───── Given data ─────

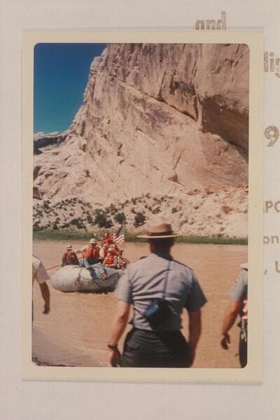 Baloney load of brass arriving in a Currey rig at foot of Split Mountain after a ride through the gorge
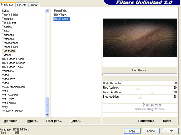 Effets>Modules Externes>Filters Unlimited 2.0 - Two Moon – RotoBlades.
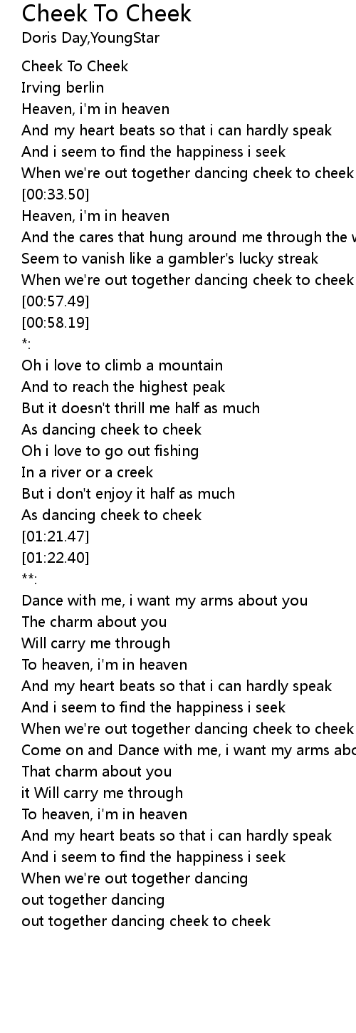 | [00:52.52] | When we're out together dancing cheek to cheek |
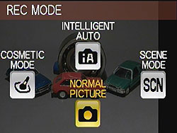 Modes. This is no Nikon D3x, so even the least technically inclined person in the world can pick it up and start shooting. Turn it on, hit the mode key and you'll see four icons: Intelligent Auto (iA), Scene Mode, Normal Picture (similar to Program AE) and a bizarre one, Cosmetic Mode. There is no Movie mode as you simply press the red button on the top to start and stop recording. Intelligent Auto is no-brainer photography. The camera decides what is in front of it and adjusts accordingly. While other digicams may use more or less, the Panasonic FX75 chooses between 7 (i-Portrait, i-Scenery, i-Macro, i-Night portrait, i-Night Scenery, i-Sunset, i-Baby), the most common situations casual shooters encounter. This system works well as it does with other top manufacturers' models.
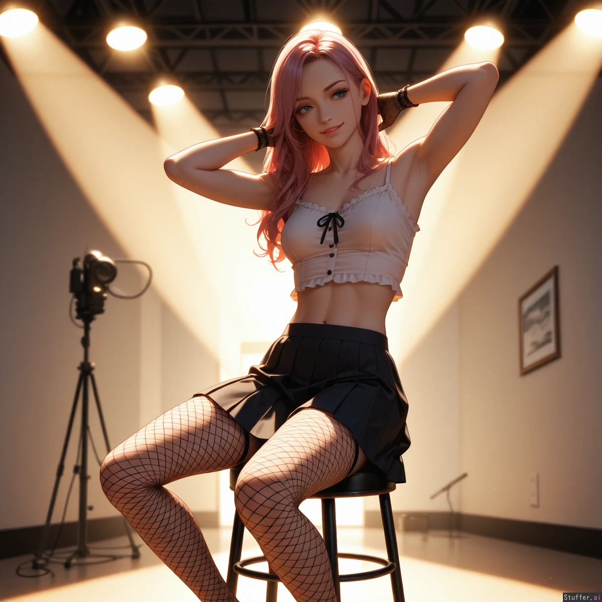 (((Ultra HD), (perfect lighting), photorealistic), professional light, HDR, best quality, masterpiece, hyper detailed), pink hair 1woman, long hair, beautiful face, girl, , photomodel, pleated skirt, (buttoned blouse), fishnets_legwear, fishnets_gloves sitting, on stool, professional photo_studio, white space, narrow_waist:1.5, (thin_body:1.5), exposed stomach, smirk, mascara, (wide_shot:1.5), hand_behind_head
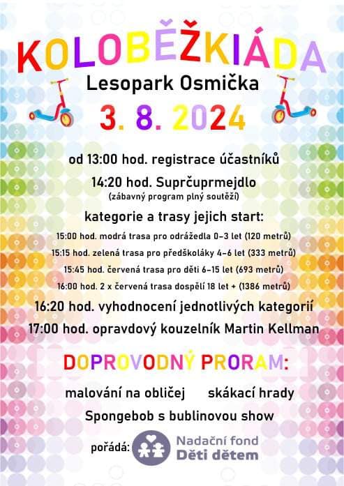 Lovosice 3. srpna 2024 od 14:20 v Lesoparku Osmička, registrace účastníků od 13:00. Pořádá Nadační fond Děti dětem.
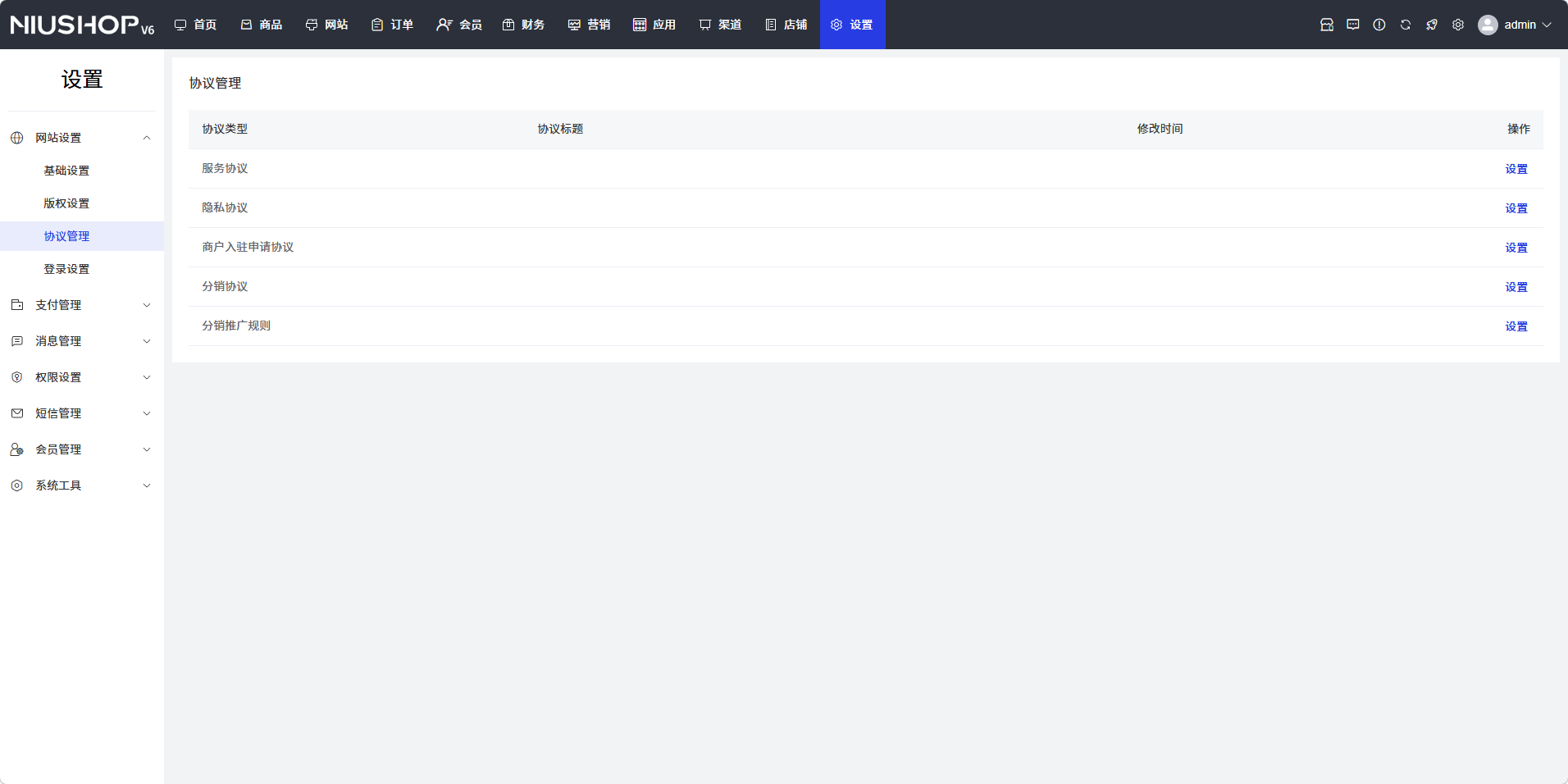 找到需要设置的协议,点击操作列中的「设置」按钮,进入协议编辑页面:
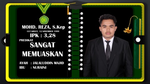 MOHD. REZA, S.Kep CUT KRUET, 12 NOVEMBER 1999 IPK : 3,28 PREDIKAT SANGAT MEMUASKAN AYAH : JALALUDDIN MAJID IBU : NURAINI
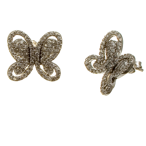 Solid sterling silver earrings in the form of butterflies, fully studded with inset white CZ, faceted stones with back breathing holes for maximum sparkle.
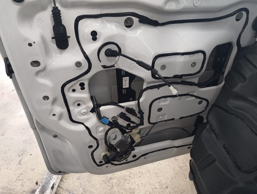 ドアの内張を外して、シーリングスクリーンを剥がして取り付けて行きます。
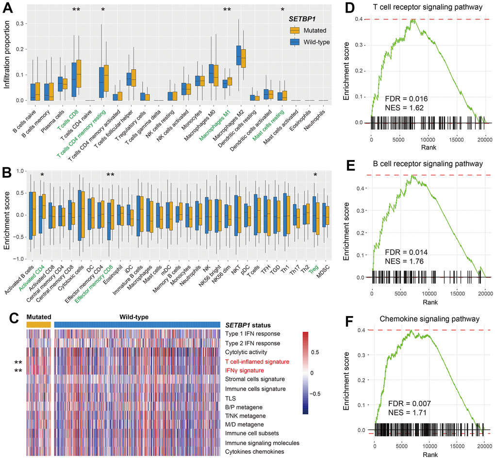 Figure 6. Immunological implications behind SETBP1 mutations in melanoma. (A) CIBERSORT algorithm revealed the 22 lymphocyte infiltration differences between SETBP1 mutated and wild-type subgroups. (B) Angelova et al. method revealed the 31 lymphocyte infiltration differences between SETBP1 two subgroups. (C) Heatmap illustration of enrichment scores of 14 immune-related molecular signatures according to SETBP1 mutational status. Signaling pathways of (D) T cell receptor signaling pathway, (E) B cell receptor signaling pathway, and (F) chemokine signaling pathway were enriched in SETBP1-MUT melanoma patients. * P < 0.05, ** P < 0.01.

─────

▶ _Task objective_
From the entries above, copy exactly the lines starting at the one with "Effets>Modules Externes>Filters Unlimited" and stopping at the one with "cheek to cheek |", keeping both ends. Drop the pictures.

▶ _Answer for this exercise_
 Effets>Modules Externes>Filters Unlimited 2.0 - Two Moon – RotoBlades.
 | [00:52.52] | When we're out together dancing cheek to cheek |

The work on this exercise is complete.